Да простит мне читатель, что по поводу этого кольца я отвлекусь немного в сторону от воспоминаний о прекрасном художнике А. Я. Головине.
* * *
В 1920 году, в России, я после многих хлопот получил, наконец, разрешение для проезда по железной дороге в деревню, где была моя мастерская. Я собирал в дорогу краски, кисти, а также платье, сапоги, занавески с окон – все, что годилось для «обмена» в деревне на хлеб, молоко, масло, – и в ящике стола нашел, как оказалось, уцелевшее у меня кольцо «с бриллиантом». Это кольцо с бриллиантом, но не с настоящим, а подделкой Тэта, я отыскал в столе среди другой мелочи – осколков цветных стекол, обрезков материй, бус, покрытых от времени чудесной патиной греческих и римских древних монет… – все это было когда-то «натурщиками» для меня в моих исканиях гармонии красок в декоративной работе для театра…
Когда я надел это кольцо себе на палец, подумав – вот я и его сменяю на фунт-два масла, верный слуга Алексей, человек «умственный», посмотрел и ужаснулся.

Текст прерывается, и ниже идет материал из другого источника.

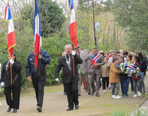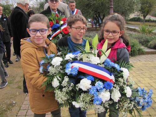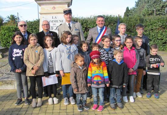 À 11 heures précises, les cloches ont sonné à toute volée comme partout en France. Quelques minutes plus tard, le cortège mené par le maire Patrick Dapot, le lieutenant-colonel Xavier Capman, représentant le délégué militaire départemental de Carcassonne, les présidents et porte-drapeaux des associations patriotiques, dirigeait les Thézanais toutes générations confondues, vers le monument aux Morts. Les enfants des écoles et leurs enseignantes étaient en première place pour cet hommage aux Poilus, à ceux du village en particulier. Après le traditionnel dépôt de gerbe, les enfants ont déposé la leur, toute de fleurs bleues et blanches. Les plus grands se sont succédé pour lire des extraits de lettres de Poilus et le maire a fait l’appel aux morts, les enfants répondant en chœur : « Mort pour la France ». « C’était une belle cérémonie, une commémoration émouvante » commentera - en aparté - le lieutenant-colonel Capman après cette cérémonie qui laissera sans doute des traces dans les mémoires des enfants de tous âges mais également de l’assistance qui n’avait jamais été aussi nombreuse.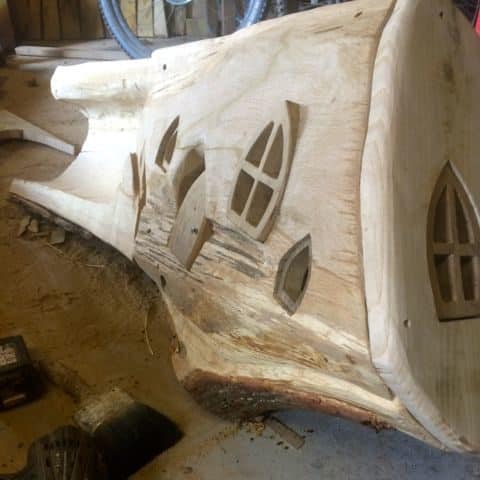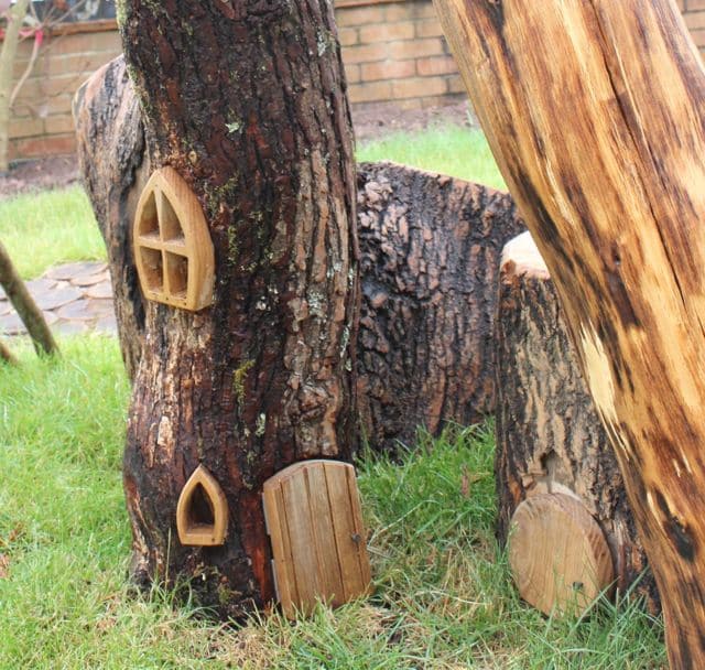 A natural hollow oak log guides the finish of each Fairy House, and facsias, doors and windows are crafted to aid the imagination.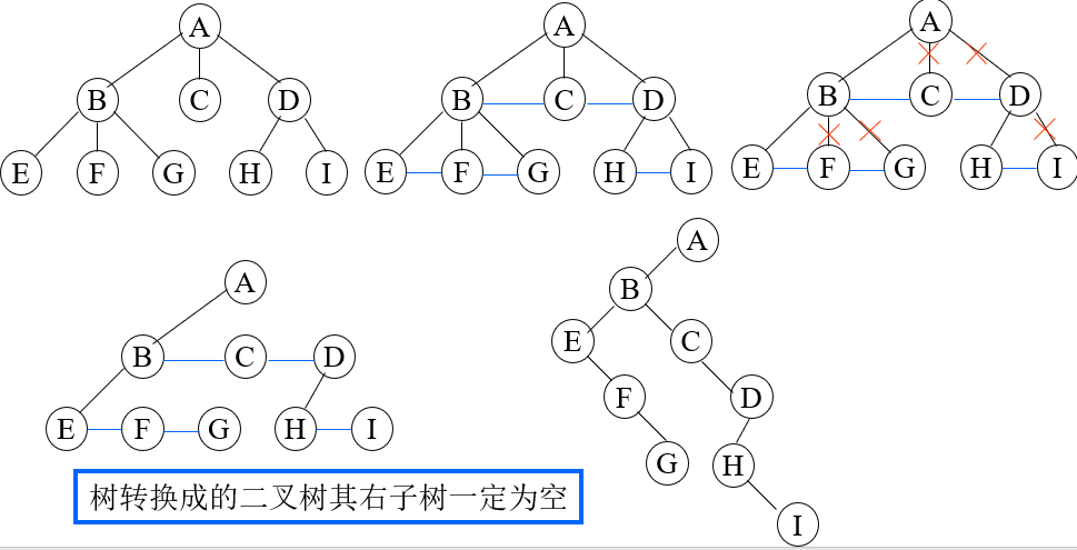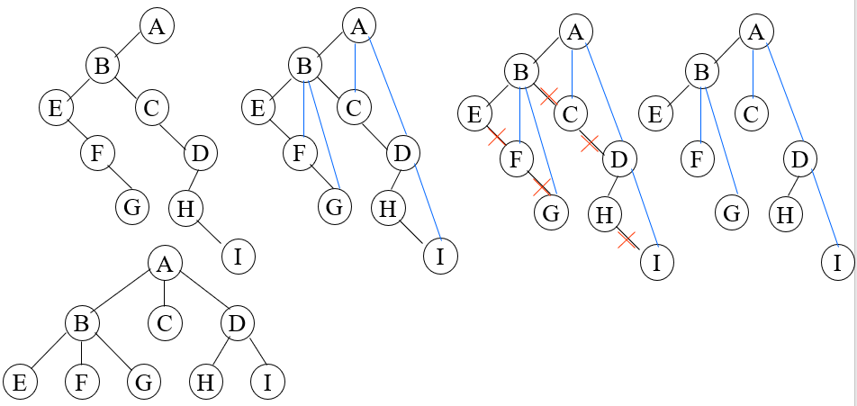 抹线:对每个结点,除了其左孩子外,去除其与其余孩子之间的关系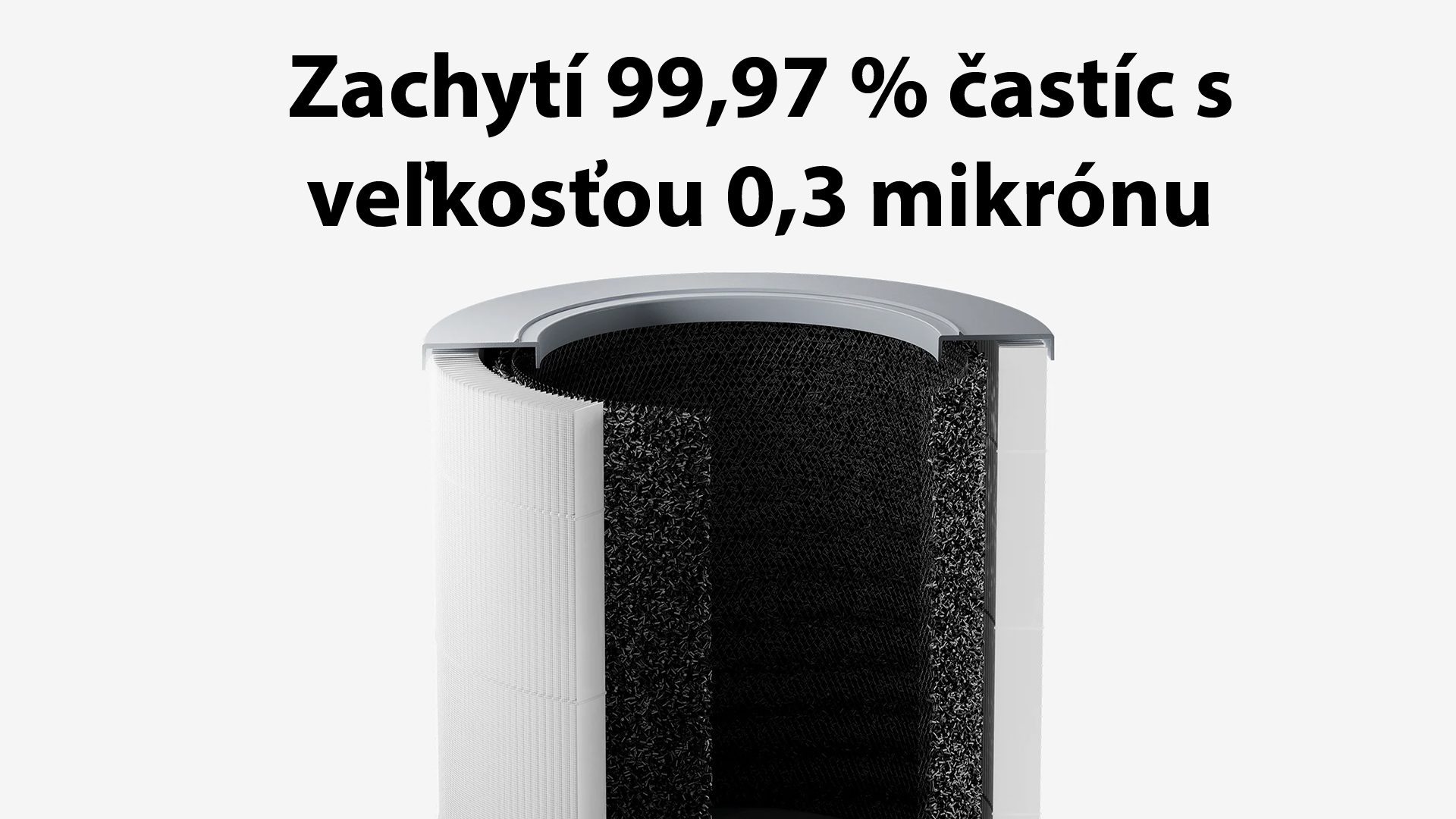 Zachytí 99,97 % častíc s veľkosťou 0,3 mikrónu

– Снимите, нешто можно это теперь? Так что за него погибнуть можно… Не надевайте. Ей-ей, убьют!
Но я не снял.
Сидя после в переполненном вагоне, я держал кольцо на виду у всех и спокойно курил, посматривая на своего Алексея, пугливо озиравшегося из-за моего кольца вокруг.
Тэтовский бриллиант блистал нахально.
Пассажиры полно набитого вагона – мешочники, солдаты, власти, – увидев кольцо, замирали…
Ко мне подошел человек в кожаной куртке, в черном кожаном картузе, с наганом у пояса. Согнав с места соседнего пассажира, он уселся против меня и пристально смотрел на меня.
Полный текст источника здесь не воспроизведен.